AIM OF THE TASK:
Find the line containing "Совет. Чтобы телочка", then print it and each following line through the end of the records, exactly and with nothing added; leave out any pictures.

SUPPLIED MATERIAL:
..............................

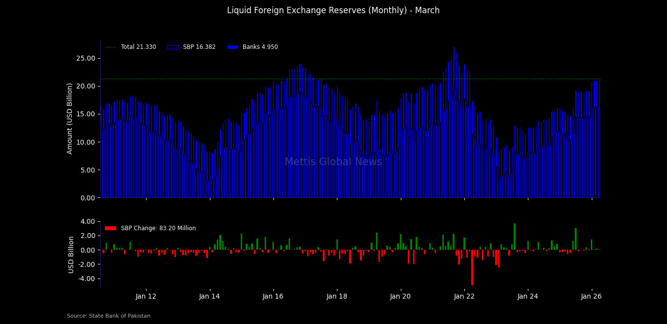 The State Bank of Pakistan also released monthly data which shows its reserves having increased by 83.2m to $16.38bn in March 2026 from $16.3bn a month ago.
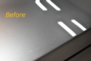コーティング剤の定着、仕上がりの美しさにも影響する下地処理作業は、しっかりと行うのは勿論ですが、限りある塗装を無駄にする訳にもいきません。グループ独自の下地処理「Revolt adjust system(リボルト アジャスト システム)」にて最小限の研磨量にて磨いていきます。
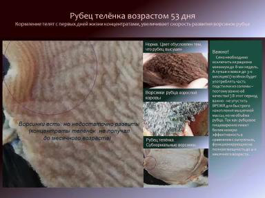 Совет. Чтобы телочка была готова к осеменению в раннем возрасте нужно делать все для развития ее рубца. Для стимуляции развития ворсинок рубца особенно важна пропионовая кислота, которая образуется в рубце жвачных животных в результате ферментации кукурузы, ячменя, сена, соломы, сухого свекловичного жома и т.д. Важную роль в развитии ворсинок рубца играет и масляная кислота. Поэтому в монокорм для телят в постмолочный период должны быть включены помимо крахмалсодержащих и такие компоненты как жмыхи и шроты, отруби, кукурузный и подсолнечный силос, и/или сено и сенаж злаковых и бобовых трав.
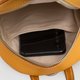 包包設計成可側背、可單肩、可後背。材質選用的是植鞣牛皮,本款黃色為手工染色,配上YKK金屬拉鍊以及純棉內裡。
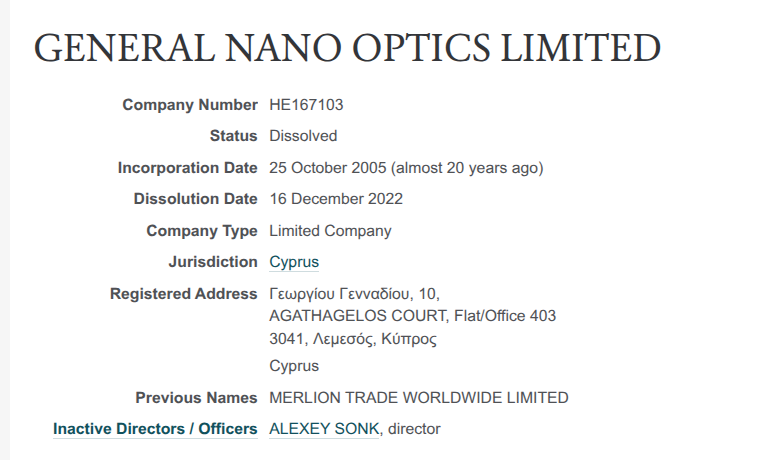 Руководителем фирмы с таким названием, прописанной на Кипре, выступает ALEXEY SONK, а сама компания ранее имело наименование - MERLION TRADE WORLDWIDE LIMITED. На Сонка также оформлена американская Alteriver Inc. По этой же фирме с ним руководителем проходит VIACHESLAV SOSINKIY, который был одно время директором АО «Мейджерпак Рус». Оное в свою очередь было учреждено при участие кипрской НЕОЦИНК ТЕХНОЛОДЖИ ЛИМИТЕД.

..............................

OUTPUT BELOW:
 Совет. Чтобы телочка была готова к осеменению в раннем возрасте нужно делать все для развития ее рубца. Для стимуляции развития ворсинок рубца особенно важна пропионовая кислота, которая образуется в рубце жвачных животных в результате ферментации кукурузы, ячменя, сена, соломы, сухого свекловичного жома и т.д. Важную роль в развитии ворсинок рубца играет и масляная кислота. Поэтому в монокорм для телят в постмолочный период должны быть включены помимо крахмалсодержащих и такие компоненты как жмыхи и шроты, отруби, кукурузный и подсолнечный силос, и/или сено и сенаж злаковых и бобовых трав.
 包包設計成可側背、可單肩、可後背。材質選用的是植鞣牛皮,本款黃色為手工染色,配上YKK金屬拉鍊以及純棉內裡。
 Руководителем фирмы с таким названием, прописанной на Кипре, выступает ALEXEY SONK, а сама компания ранее имело наименование - MERLION TRADE WORLDWIDE LIMITED. На Сонка также оформлена американская Alteriver Inc. По этой же фирме с ним руководителем проходит VIACHESLAV SOSINKIY, который был одно время директором АО «Мейджерпак Рус». Оное в свою очередь было учреждено при участие кипрской НЕОЦИНК ТЕХНОЛОДЖИ ЛИМИТЕД.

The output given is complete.